All of these statements were made in good faith by
Governor Stevens at a time when the northwest was very much of a wilderness. They were
made at a time when
Indians and white men alike hunted and fished as they desired without let or hindrance
from the Federal or territorial governments.
Regulations of
fish and
game were neither known nor dreamed of. The
Indians had from time
immemorial fished for
salmon on the banks of the
Columbia river. The catching
[*147] of
salmon was necessary for the sustenance of themselves and
[***38] their families. Neither
Governor Stevens nor the
Indian chiefs could possibly have visualized present day conditions and present day
restrictions. They entered into the
treaty agreement under situations which existed at that time. We should interpret
and construe the
treaty and the rights of appellant in the light of the surroundings present at that
time.
Without any doubt whatever,
Governor Stevens and the
Indians signed the
treaty with the definite understanding that the
Indians should be forever allowed to
catch
salmon from the
Columbia river without any restrictions whatsoever. We should so construe the
treaty.
It may be conceded that there is an ambiguity contained in the
treaty. However, that ambiguity, if there is one, should be resolved in favor of the
Indians.
Winters v. United States, 207 U.S. 564, 52 L. Ed. 340, 28 S. Ct. 207.

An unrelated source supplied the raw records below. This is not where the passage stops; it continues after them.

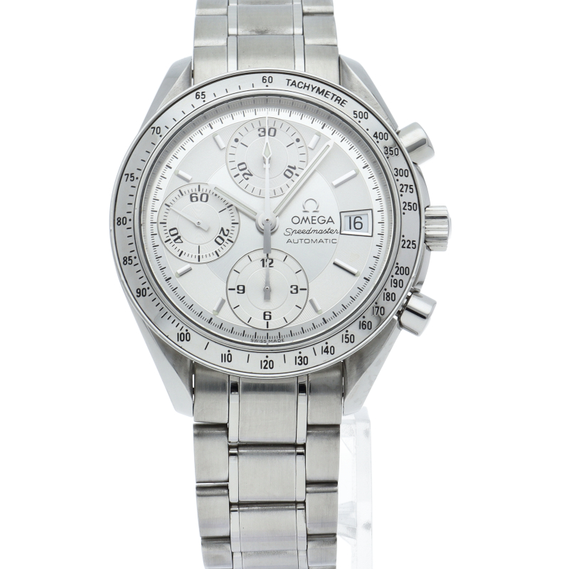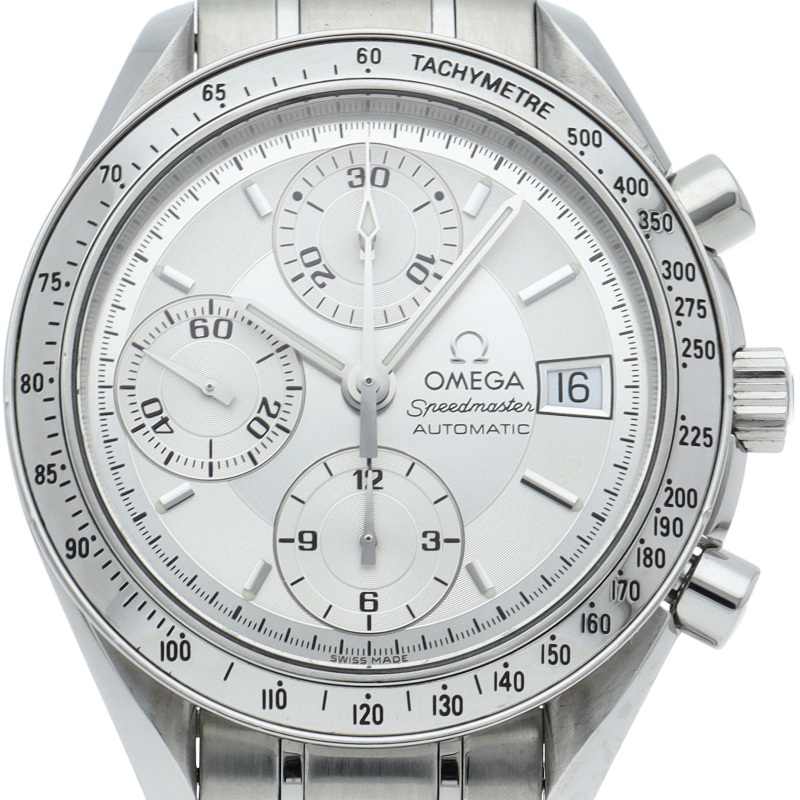オメガの代表的な人気シリーズ「スピードマスター・デイト」。クロノグラフ・デイト表示機能付きと便利で実用性のある1本です。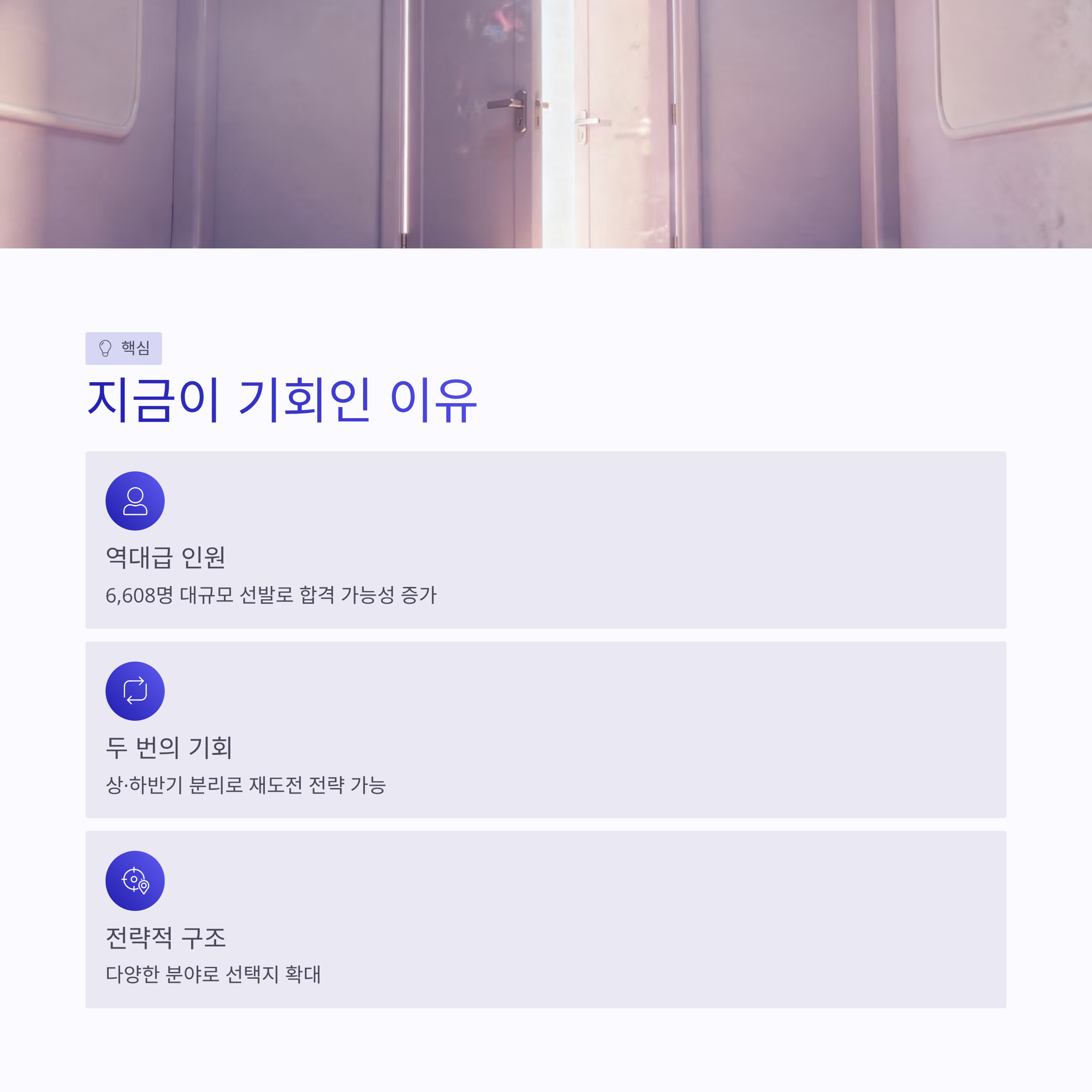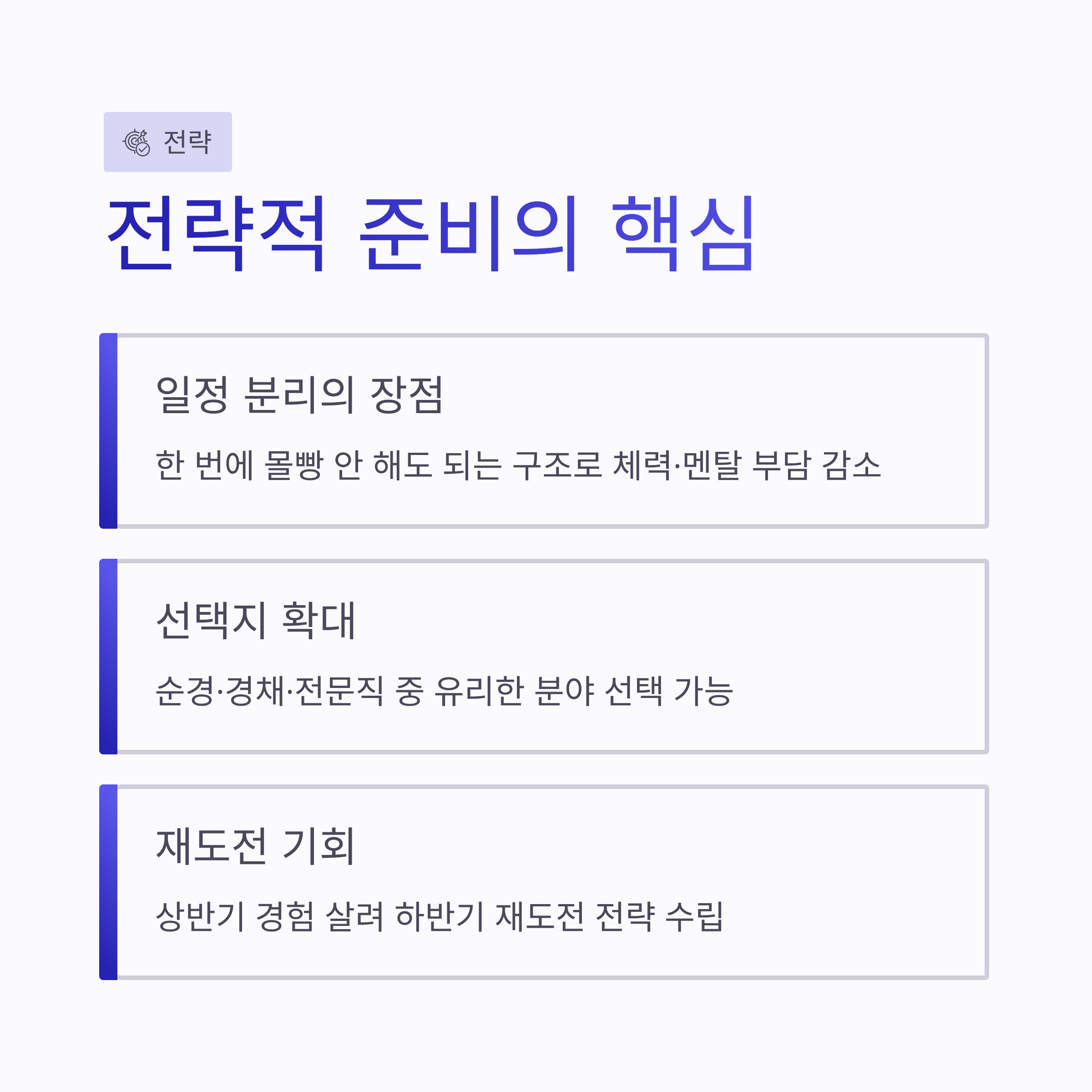 * 선택 폭이 넓어서 전략적 지원 가능 * 전문직·경채는 경쟁률 분산 효과 있음 * 체력 부담이 상대적으로 적은 분야도 존재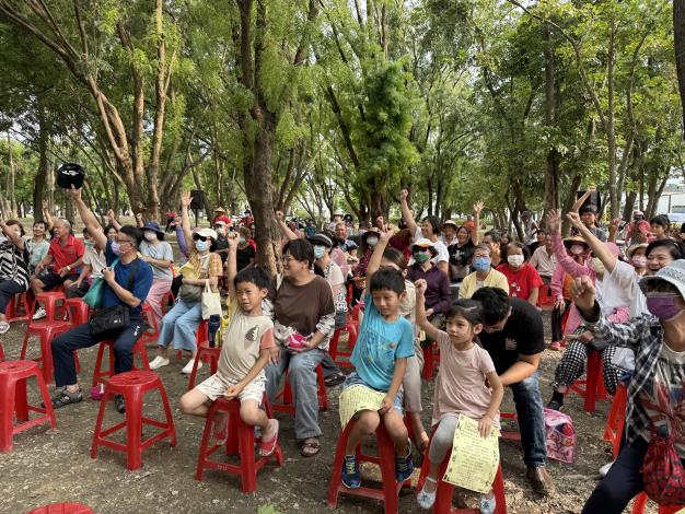 活動一開始便由「登革熱有獎徵答」揭開序幕,現場大小朋友爭相搶答,氣氛熱絡。透過問答方式提醒民眾要落實防蚊滅蚊四招「巡、倒、清、刷」,定期檢查家中內外環境並清除積水容器,降低病媒蚊孳生風險。市長夫人劉育菁老師也代表黃偉哲市長親臨會場,與大家同樂,並貼心協助發送「乖乖」點心,象徵祈求未來一切平安順利、好運連連。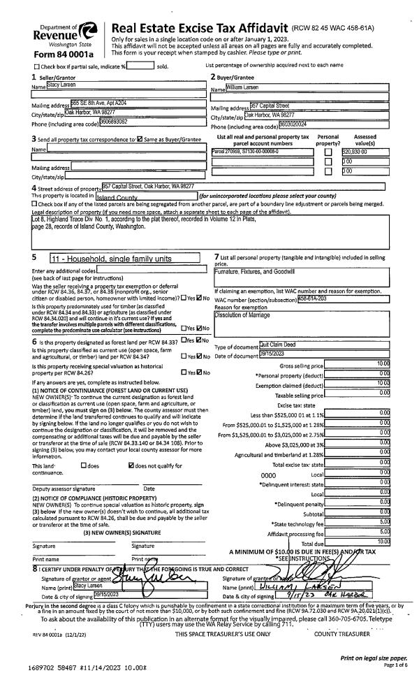 | 1 | 08/25/2023 | QCD | Quit Claim Deed | MARTIN TTEE, GLEN D. | MARTIN JTWROS, GLEN | | | $0.00 | 58172 | 4565432 |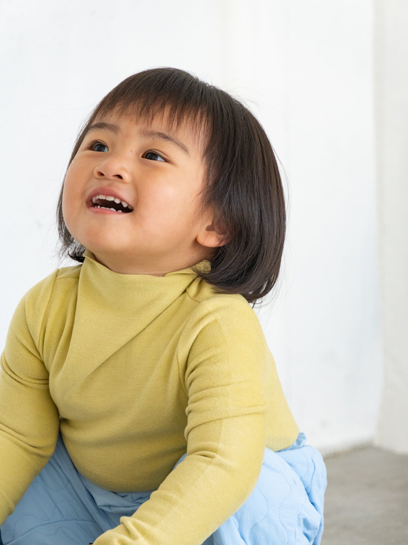 絶妙な高さのハイネックは、暑がりなお子さまでも快適。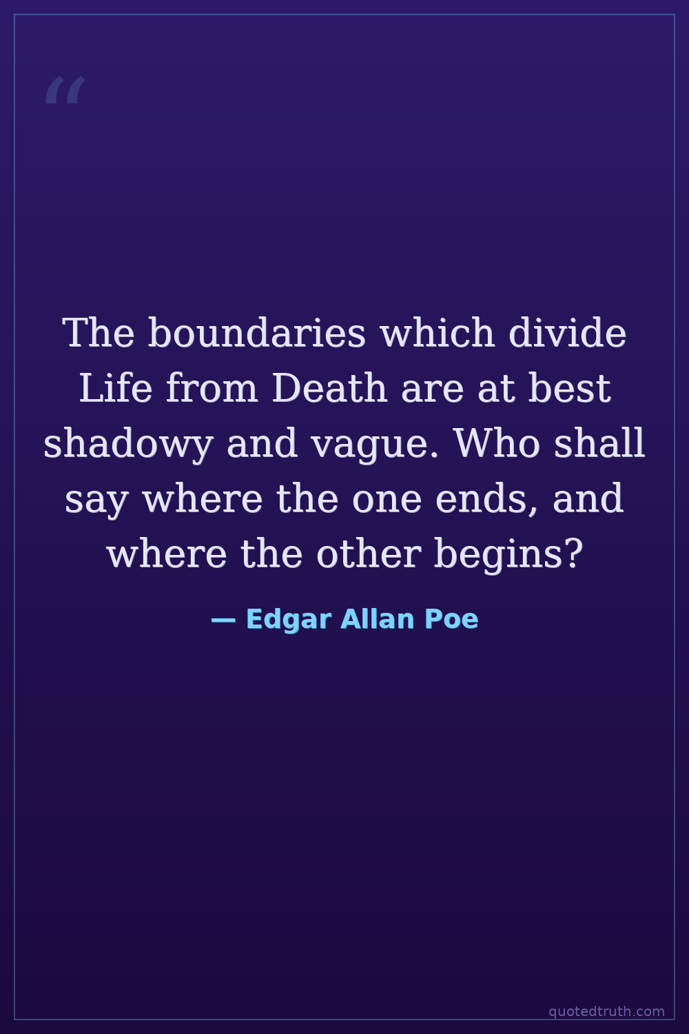 The boundaries which divide Life from Death are at best shadowy and vague. Who shall say where the one ends, and where the other begins?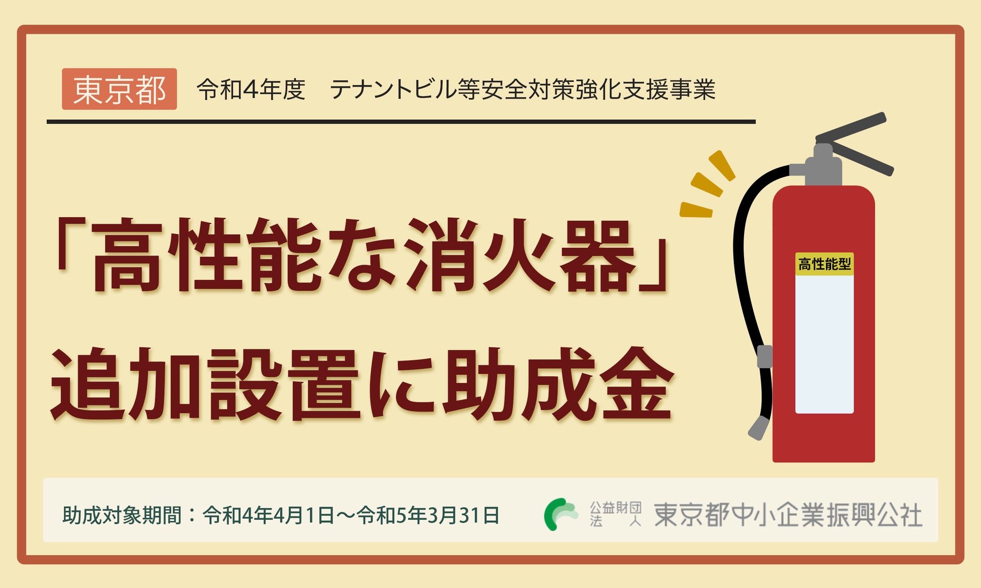 公益財団法人 東京都中小企業振興公社(本社:東京都千代田区、理事長:目黒 克昭)は、都内の中小企業者等を対象に、火災の初期対応を着実に実施するための「高性能な消火器」の導入に係る経費の一部を助成する「テナントビル等安全対策強化支援事業」の電子申請を5月31日(火)から受け付けます。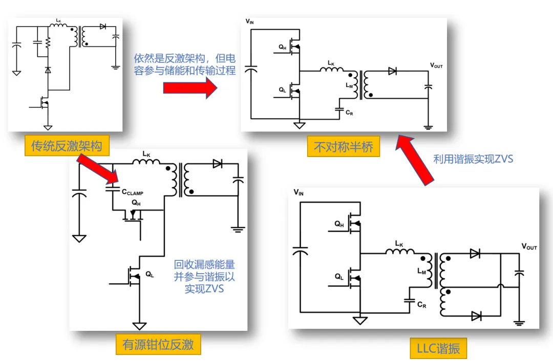 不對(duì)稱(chēng)半橋AHB拓?fù)浼夹g(shù)集成了LLC和反激的優(yōu)點(diǎn),實(shí)現(xiàn)了初級(jí)側(cè)零電壓開(kāi)關(guān)(ZVS)和次級(jí)側(cè)零電流開(kāi)關(guān)(ZCS),提高了系統(tǒng)的效率。通過(guò)采用電感與電容雙儲(chǔ)能元件,可以有效減小變壓器體積,從而提高系統(tǒng)的整體緊湊性。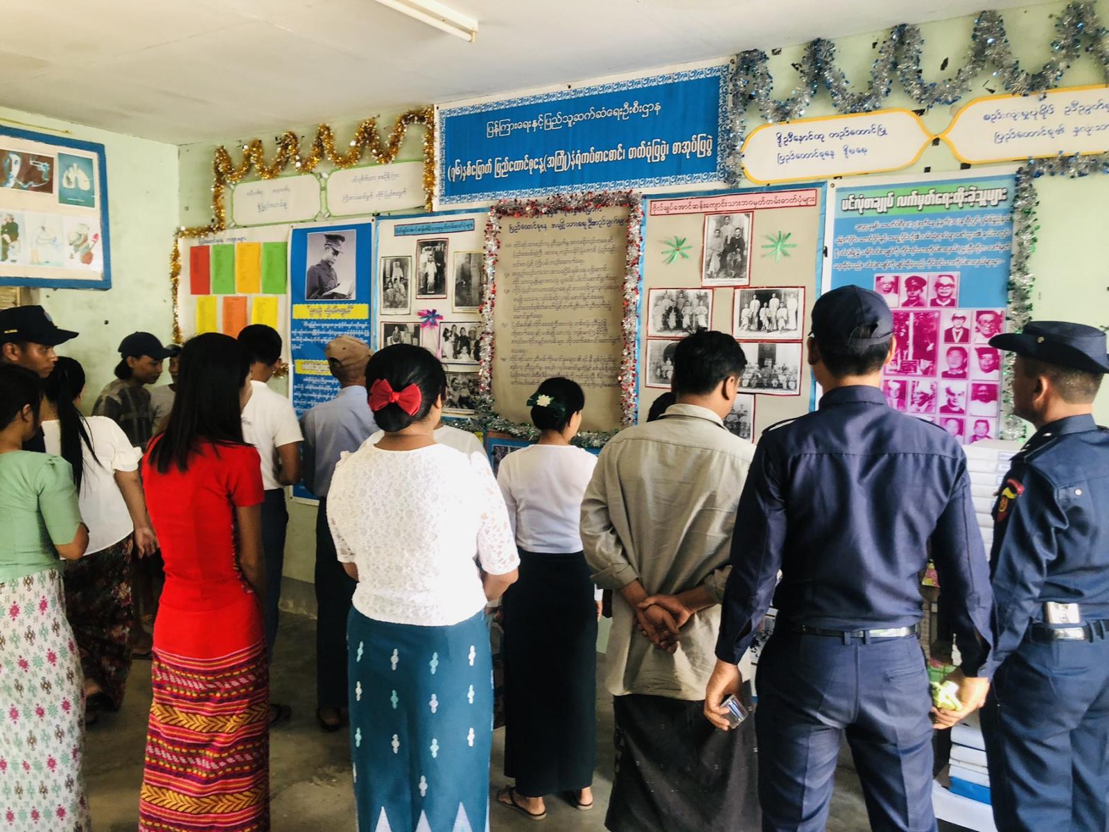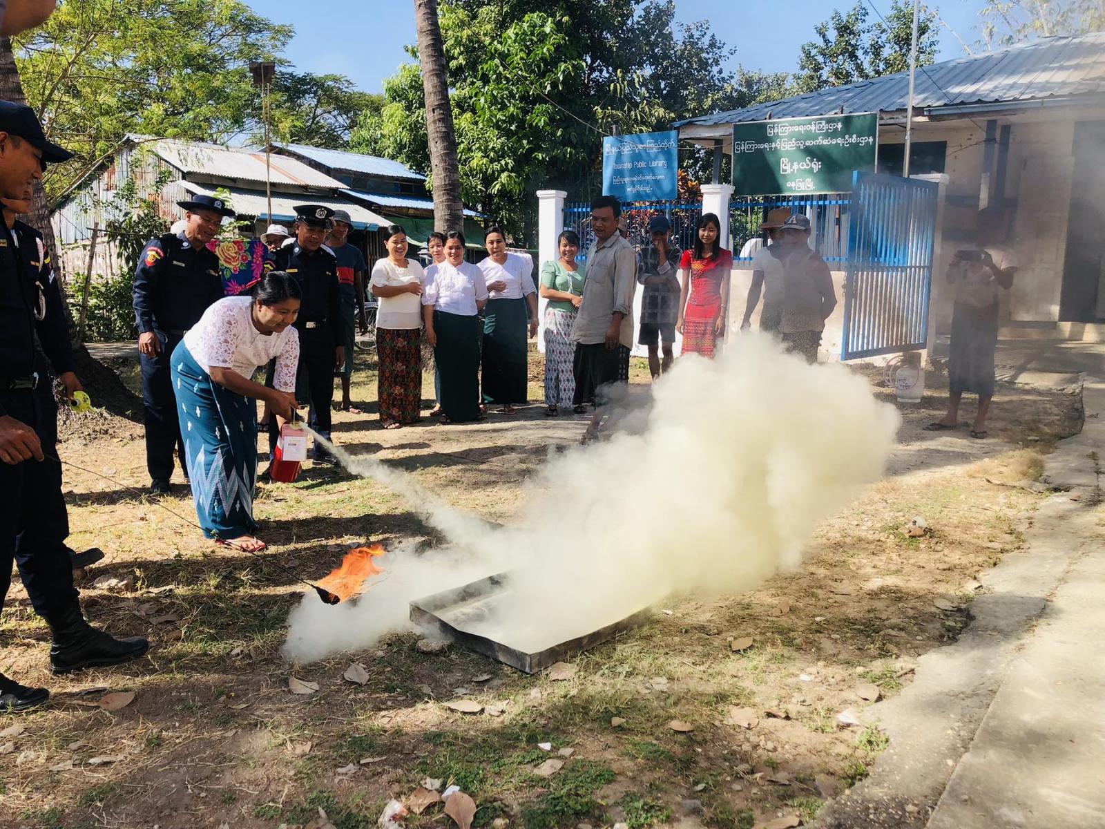 ဆက်လက်၍ မြို့နယ်မီးသတ်ဦးမှူး ဦးနောင်နောင်နှင့် တပ်ဖွဲ့ဝင်များမှ မီးသတ်ဆေးဘူး အသုံးပြုပုံနှင့် ဂတ်စ်မီးလောင်မှု၊ ဆီမီးလောင်မှုအား လက်တွေ့ငြိမ်းသတ် သရုပ်ပြဇာတ်တိုက် လေ့ကျင့်ခဲ့ကြပြီး၊ မြို့နယ်ပြန်ကြားရေးနှင့်ပြည်သူ့ဆက်ဆံရေးဦးစီးဌာနမှ (၇၆)နှစ်မြောက် ပြည်ထောင်စုနေ့(အကြို) အသိပညာပေး နံရံကပ်စာစောင်များ ပြသခဲ့ကြောင်း သိရသည်။

The state is not in a position, nor does it have the power, to modify or
abrogate a
treaty made by authority of the Congress of the United States. Article I,
§ 8, of the Federal constitution, gives to the Congress power
"To regulate commerce with foreign nations and among the several states and with
the
Indian
tribes."
The Enabling
[***39] Act, 1 Rem. Rev. Stat., 333,
§ 4, Second, recognized the position of the state in disclaiming all title to
all lands
". . . owned or held by any
Indian or Indian
tribes; and that until the title thereto shall have been extinguished by the United
States, the same shall be and remain subject to the disposition of the United
States, and said
Indian lands shall
[**290] remain under the absolute jurisdiction and control of the congress of the
United States."
[*148] There is a definite procedure insisted upon by the courts when the United
States seeks to assert its position of dominance by abrogating or changing an
Indian
treaty, and that is by the passage of a clear and express act of Congress which is of
such
a nature that the
treaty and the act cannot in any reasonable view stand together.
Cope v. Cope, 137 U.S. 682, 34 L. Ed. 832, 11 S. Ct. 222;
Fong Yue Ting v. United States, 149 U.S. 698, 37 L. Ed. 905, 13 S. Ct. 1016.
I realize that the majority opinion is founded upon the following decisions of
this court:
State v. Towessnute, 89 Wash. 478, 154 Pac. 805;
State v. Alexis, 89 Wash. 492, 154 Pac. 810, 155 Pac. 1041;
State v. Meninock, 115 Wash. 528,
[***40] 197 Pac. 641; and
State v. Wallahee, 143 Wash. 117, 255 Pac. 94.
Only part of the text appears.